* Your objective: Output exactly, and only, the lines below from the one with "생활발수 기능이 적용된" down to the one with "Rak Piring Plastik". Include both end lines and no pictures.
══ Task input ══
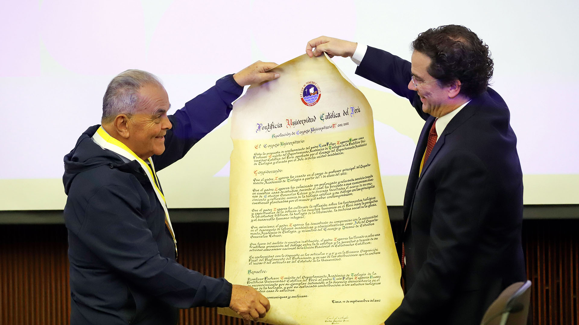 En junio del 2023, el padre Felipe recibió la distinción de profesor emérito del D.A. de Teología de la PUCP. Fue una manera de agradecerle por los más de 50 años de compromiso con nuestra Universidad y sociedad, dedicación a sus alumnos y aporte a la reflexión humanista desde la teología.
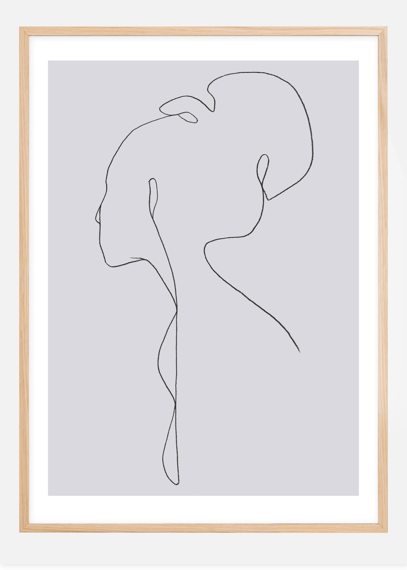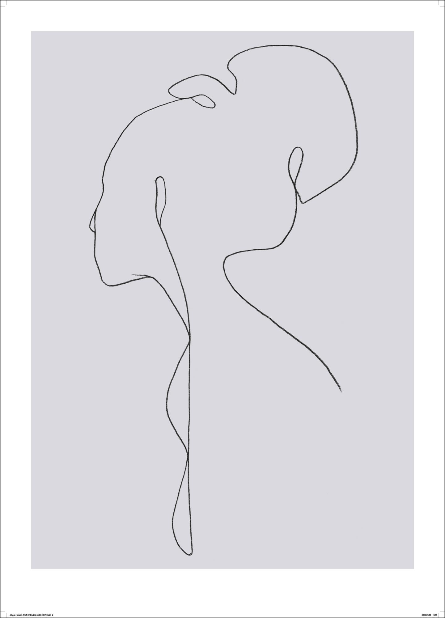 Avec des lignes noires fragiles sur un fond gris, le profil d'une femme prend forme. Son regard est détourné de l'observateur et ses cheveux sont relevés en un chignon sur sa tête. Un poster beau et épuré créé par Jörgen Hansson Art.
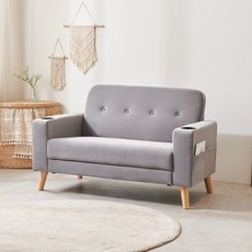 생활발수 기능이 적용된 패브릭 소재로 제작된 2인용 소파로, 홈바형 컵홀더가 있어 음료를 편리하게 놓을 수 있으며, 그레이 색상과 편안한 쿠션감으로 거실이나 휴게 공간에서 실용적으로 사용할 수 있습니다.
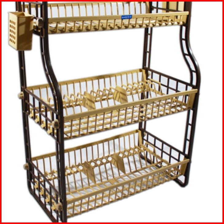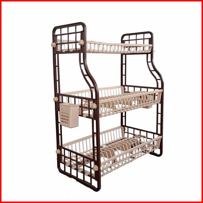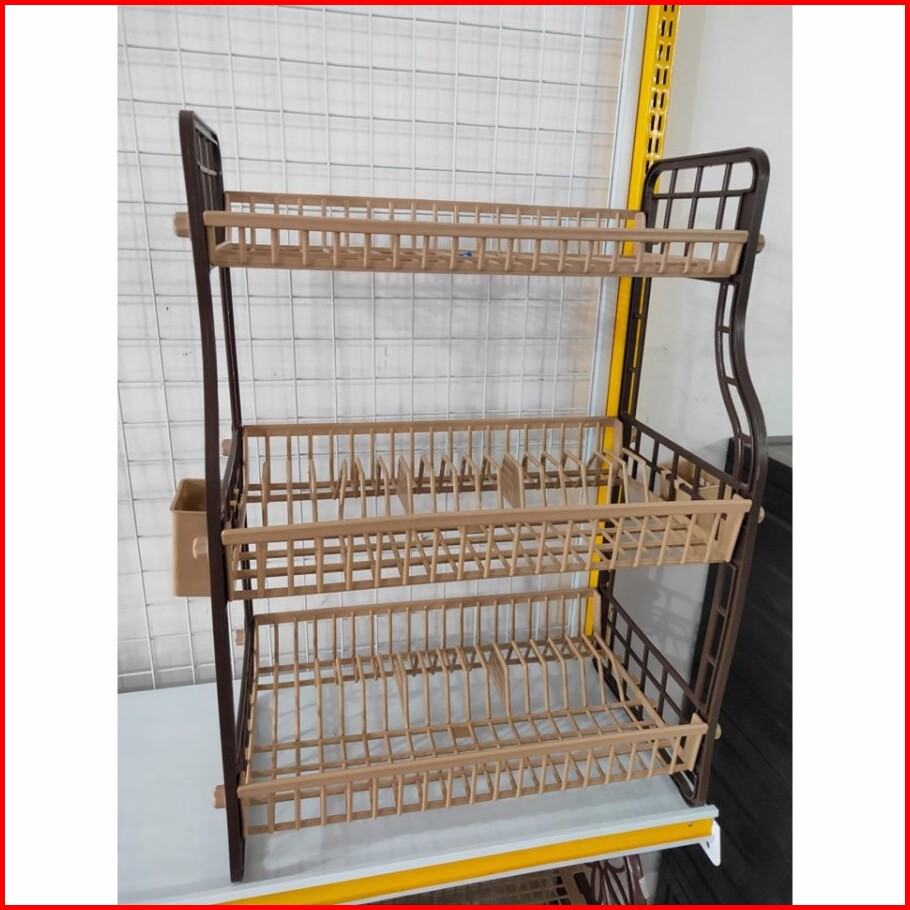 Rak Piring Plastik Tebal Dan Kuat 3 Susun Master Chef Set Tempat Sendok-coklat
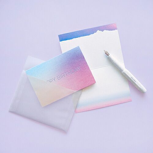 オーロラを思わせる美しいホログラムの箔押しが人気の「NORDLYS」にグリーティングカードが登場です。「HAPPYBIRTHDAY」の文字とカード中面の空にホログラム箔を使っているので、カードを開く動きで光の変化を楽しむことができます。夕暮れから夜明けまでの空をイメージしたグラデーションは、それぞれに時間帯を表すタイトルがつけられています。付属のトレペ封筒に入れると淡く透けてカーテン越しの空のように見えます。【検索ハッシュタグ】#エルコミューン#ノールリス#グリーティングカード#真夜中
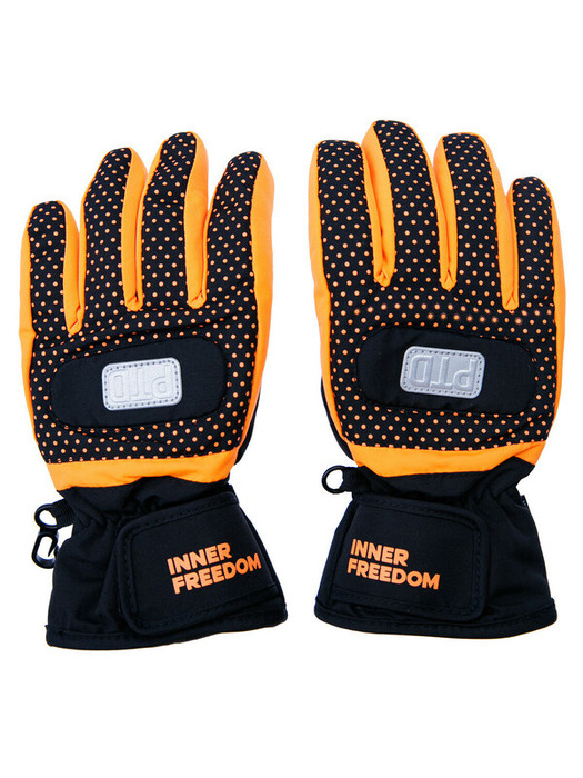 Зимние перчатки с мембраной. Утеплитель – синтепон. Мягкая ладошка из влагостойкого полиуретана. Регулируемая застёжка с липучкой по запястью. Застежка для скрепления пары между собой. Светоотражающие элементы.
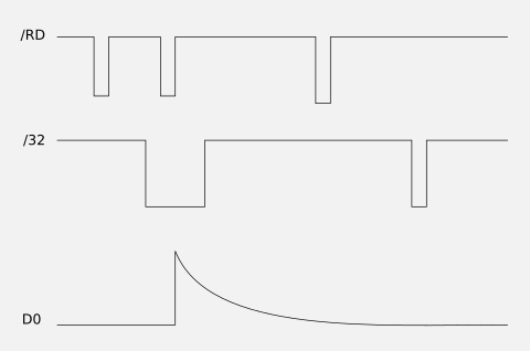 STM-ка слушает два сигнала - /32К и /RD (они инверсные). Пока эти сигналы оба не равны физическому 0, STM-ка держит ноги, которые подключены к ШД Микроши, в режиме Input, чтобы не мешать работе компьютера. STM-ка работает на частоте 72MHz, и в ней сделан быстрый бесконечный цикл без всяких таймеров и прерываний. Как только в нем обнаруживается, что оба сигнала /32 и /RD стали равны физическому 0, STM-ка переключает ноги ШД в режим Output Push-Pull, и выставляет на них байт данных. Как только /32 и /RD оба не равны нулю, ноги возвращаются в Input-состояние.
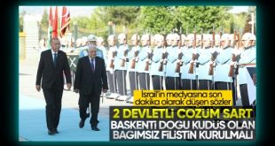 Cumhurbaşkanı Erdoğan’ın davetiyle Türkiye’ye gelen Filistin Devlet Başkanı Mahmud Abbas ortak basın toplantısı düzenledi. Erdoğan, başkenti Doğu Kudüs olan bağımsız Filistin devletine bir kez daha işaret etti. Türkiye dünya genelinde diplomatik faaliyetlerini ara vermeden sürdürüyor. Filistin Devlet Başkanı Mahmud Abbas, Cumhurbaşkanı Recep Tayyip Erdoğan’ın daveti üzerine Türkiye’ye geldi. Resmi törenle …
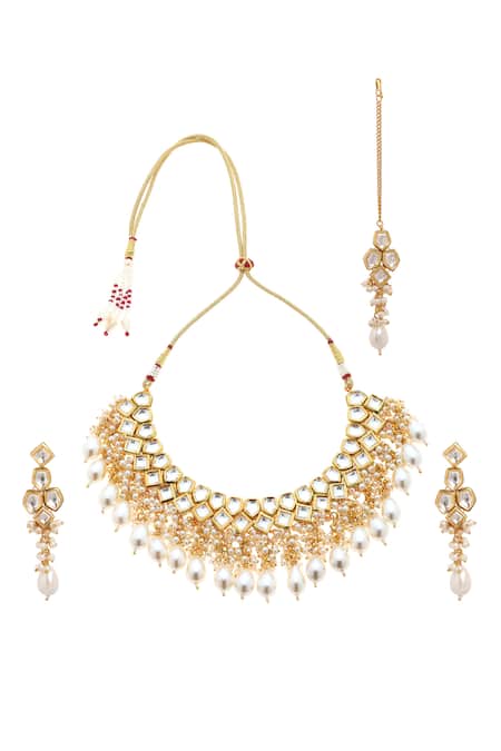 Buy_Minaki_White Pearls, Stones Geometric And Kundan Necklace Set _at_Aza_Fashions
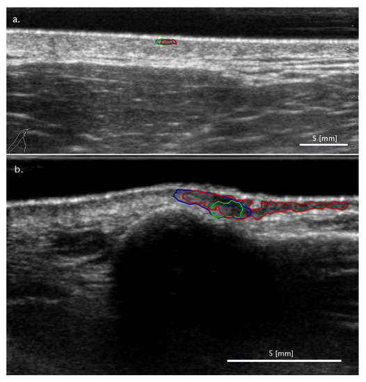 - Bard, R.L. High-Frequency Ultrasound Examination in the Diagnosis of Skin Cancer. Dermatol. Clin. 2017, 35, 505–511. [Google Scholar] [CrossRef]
═══
* The answer:
 생활발수 기능이 적용된 패브릭 소재로 제작된 2인용 소파로, 홈바형 컵홀더가 있어 음료를 편리하게 놓을 수 있으며, 그레이 색상과 편안한 쿠션감으로 거실이나 휴게 공간에서 실용적으로 사용할 수 있습니다.
 Rak Piring Plastik Tebal Dan Kuat 3 Susun Master Chef Set Tempat Sendok-coklat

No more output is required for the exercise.